The first authority application for each eye must be made in
writing, and must include:
a) completed authority prescription form;
b) completed Subfoveal Choroidal Neovascularisation (CNV) –
PBS Supporting Information Form [www.medicare.gov.au]; and
c) a copy of the fluorescein angiogram.
Written applications for authority to prescribe ranibizumab should
be forwarded to:
Medicare Australia
Prior Written Approval of Specialised Drugs
Reply Paid 9826
GPO Box 9826
HOBART TAS 7001
Alternatively, the first authority application may be faxed to
Medicare Australia on (03) 6215 5474 (hours of operation 8 a.m. to
5 p.m. EST Monday to Friday). Medicare Australia will then contact
the prescriber by telephone. The original documentation must be
posted to the above address after approval has been gained.
Max Quantity: 1
Number of Repeats: 0
Authority Required
Continuing treatment by an ophthalmologist, as the sole subsidised
therapy, of subfoveal choroidal neovascularisation (CNV) due to age
related macular degeneration (AMD) where the patient has previously
been granted an authority prescription for the same eye.

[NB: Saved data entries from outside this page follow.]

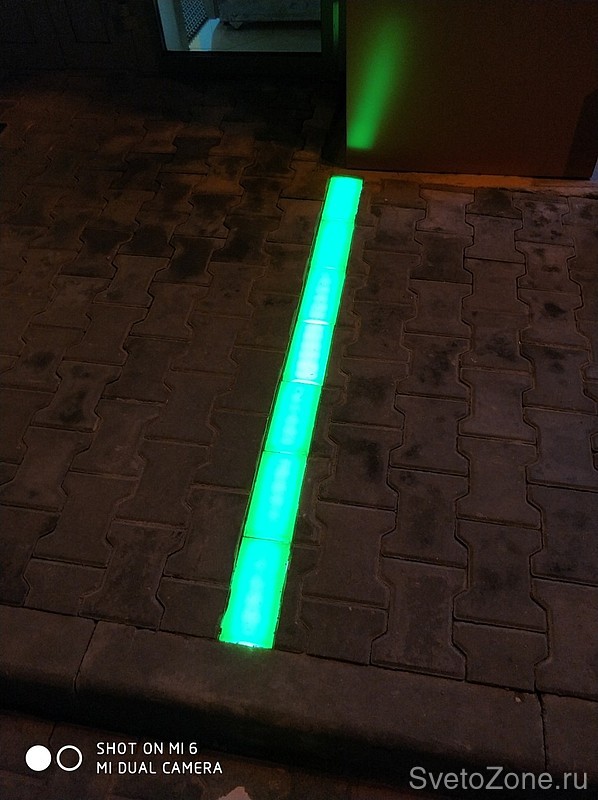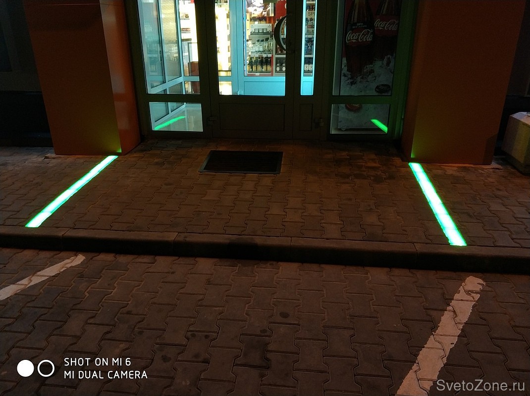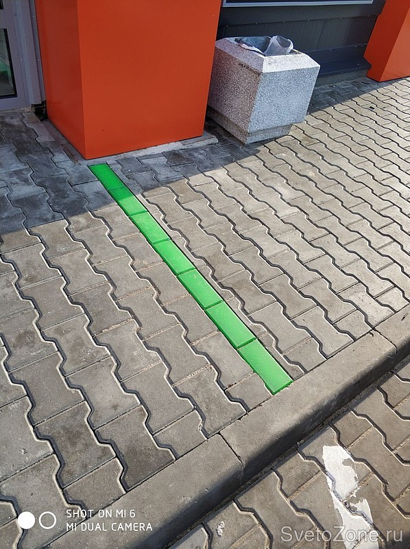 Подсветка входной группы. Светодиодная брусчатка с зеленым рассеивателем #LEDpavers 200х100х60 мм, Зеленая как днем так и ночью, согласно фирменным цветам сети магазинов.
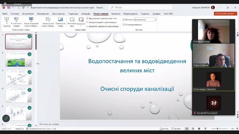 06.10.2023 р. за запрошенням доцента кафедри ОП та ТЕБ Олени БРИГАДИ для здобувачів вищої освіти, що навчаються за першим (бакалаврським) та другим (магістерським) рівнем вищої освіти за освітньо-професійними програмами «Екологічна безпека», інженером з водопостачання та водовідведення ТОВ «iC CONSULENTEN», iCUkraine, співзасновником НПГО «Watersector», к.т.н. Олександром СМИРНОВИМ проведено заняття на тему: «Водопідготовка та водовідведення великих міст. Очисні споруди каналізації».
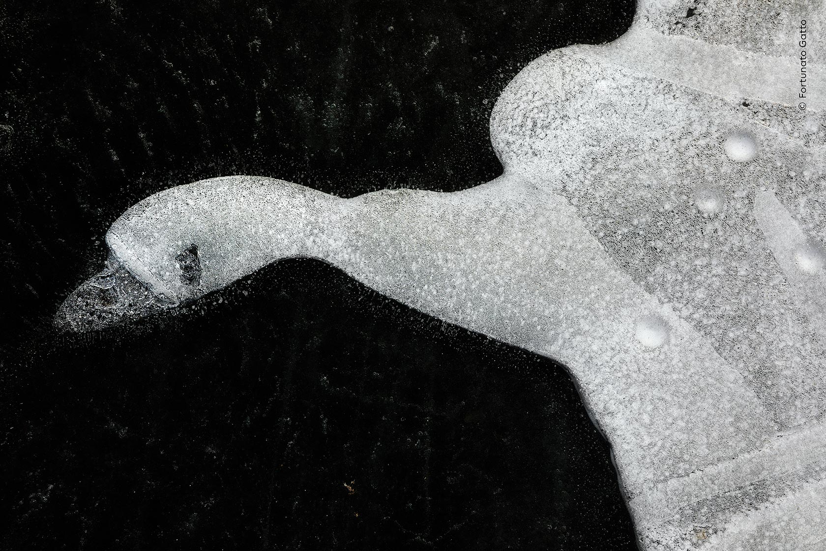 The Frozen Swan от Fortunato Gatto. Когда смотришь галерею, где кто-то кого-то ест, и вдруг видишь эту работу — невольно думаешь: «Ну вот, лебедь вмёрзший в лёд — драма дикой природы». И тут оказывается, что это просто лёд — ни один лебедь при съёмке этого кадра не пострадал. Эта работа доказывает: чтобы создать кадр, способный брать награды на престижных конкурсах, не обязательно ехать на край света и неделями сидеть в скрадке. Иногда достаточно просто повнимательнее посмотреть под ноги.
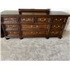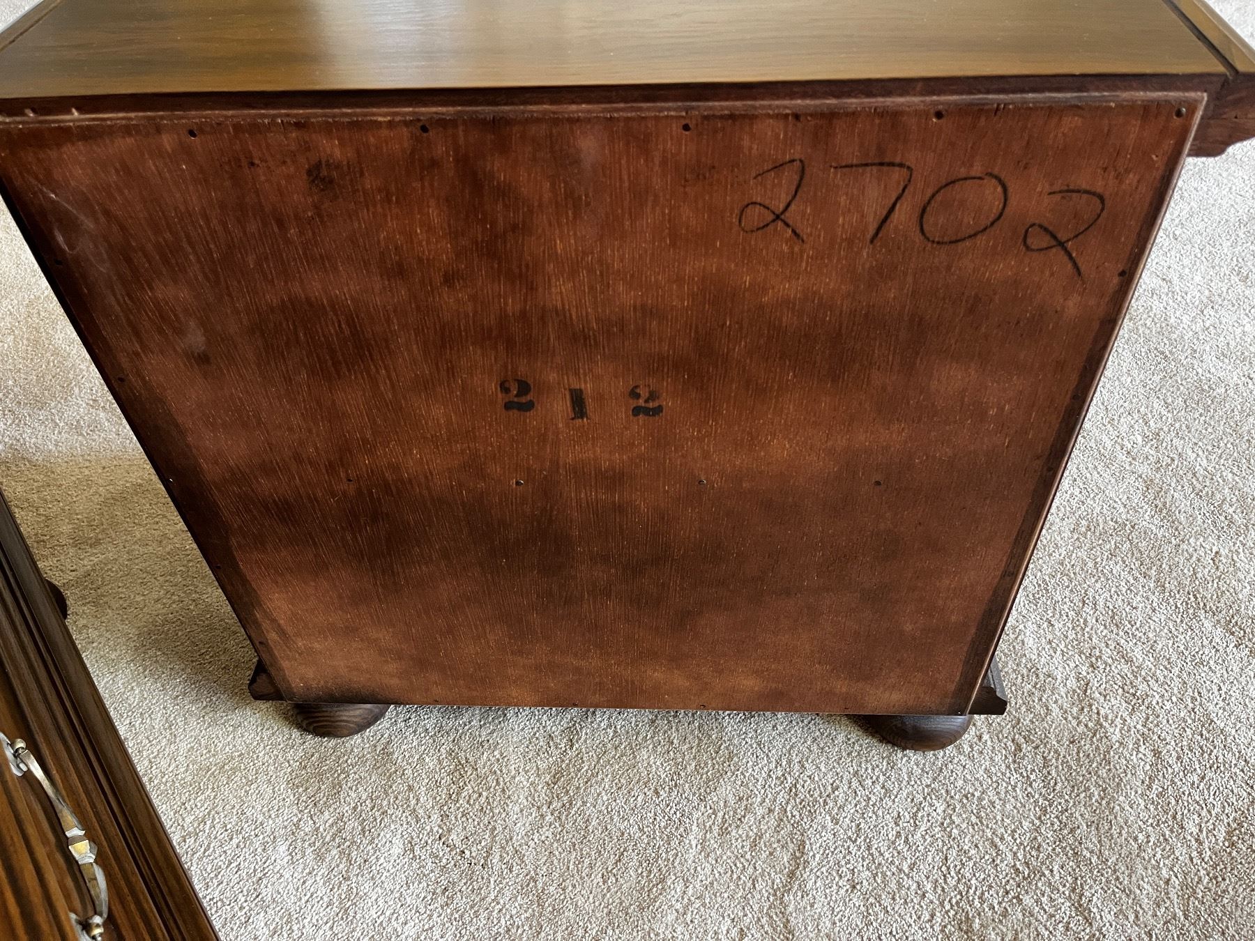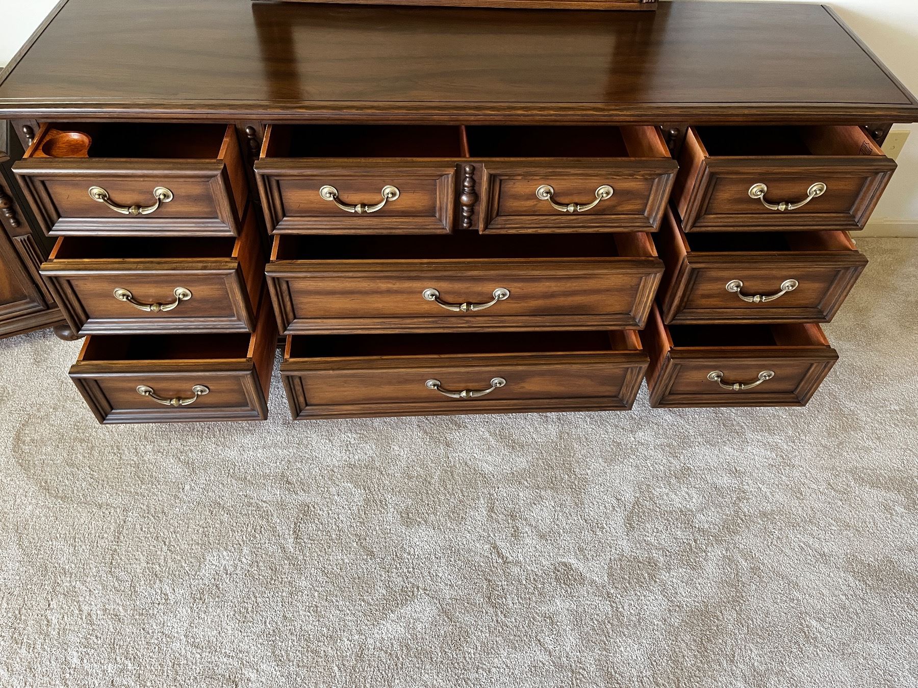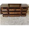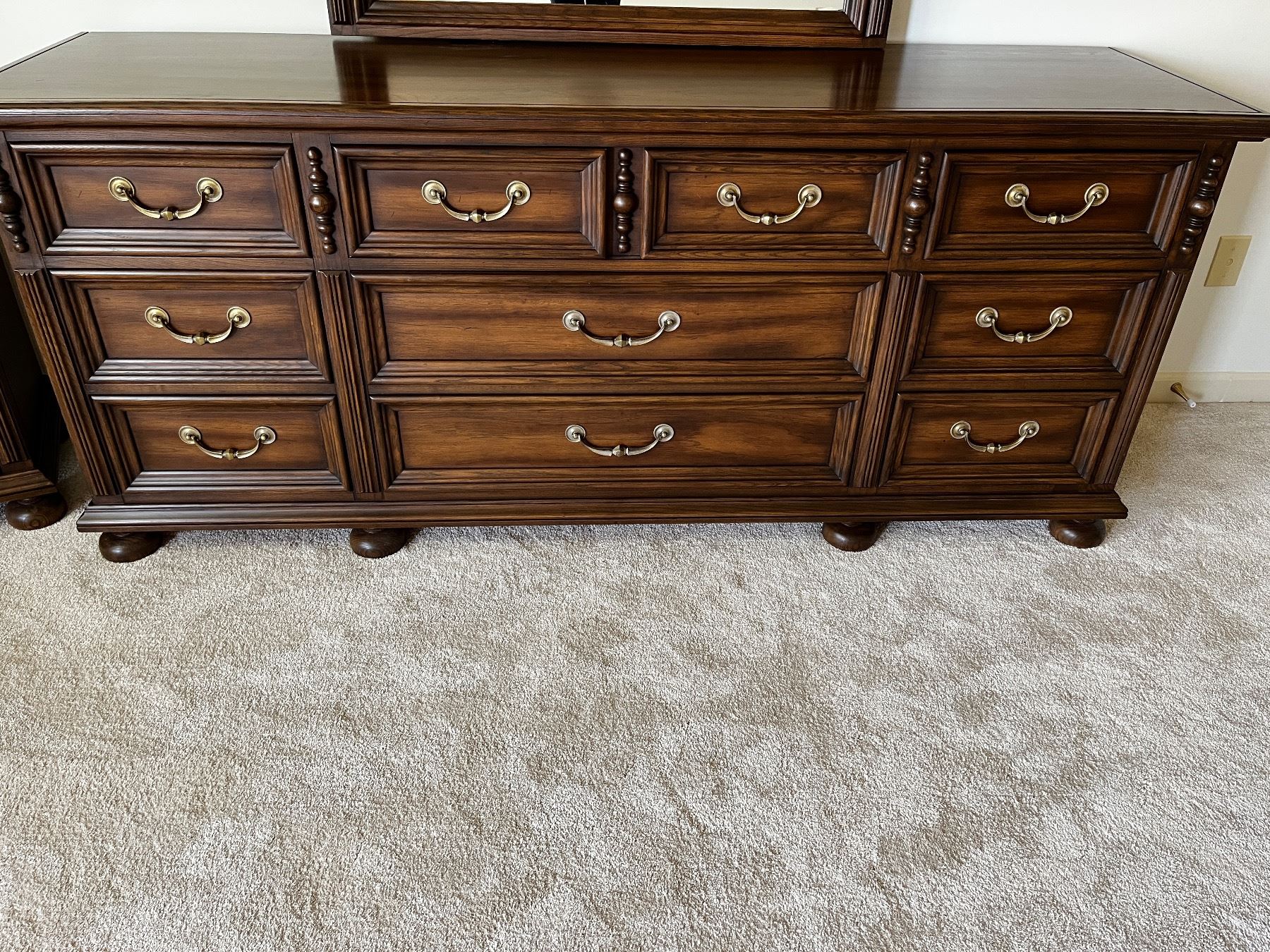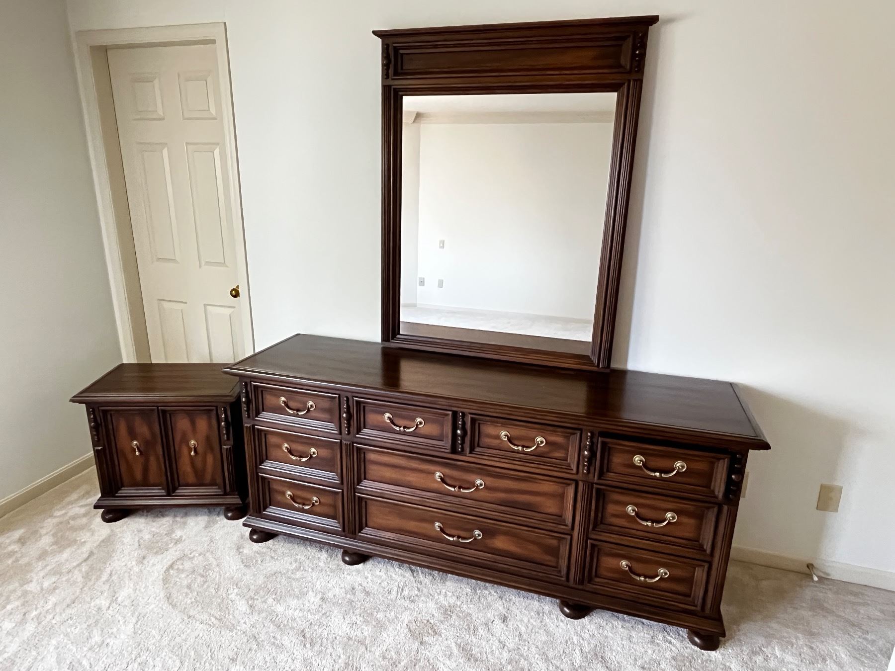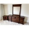 Includes dresser with mirror and end table - 9 Drawer Dresser 74" long x 20.5" wide x 31" tall - Mirror 38" long x 49" tall - End Table 26" long x 16" deep x 2' tall

Authority approvals will be administered by the PBS and Specialised
Drugs Branch of Medicare Australia. Authority applications for
continuing treatment in the same eye may be made by telephone on
1800 700 270 (hours of operation 8 a.m. to 5 p.m. EST Monday to
Friday).
Max Quantity: 1
Number of Repeats: 1
13. Context for Decision
The PBAC helps decide whether and, if so, how medicines should be
subsidised in Australia. It considers submissions in this context.
A PBAC decision not to recommend listing or not to recommend
changing a listing does not represent a final PBAC view about the
merits of the medicine. A company can resubmit to the PBAC or seek
independent review of the PBAC decision.
14. Sponsor’s Comment
The sponsor chose not to make a comment.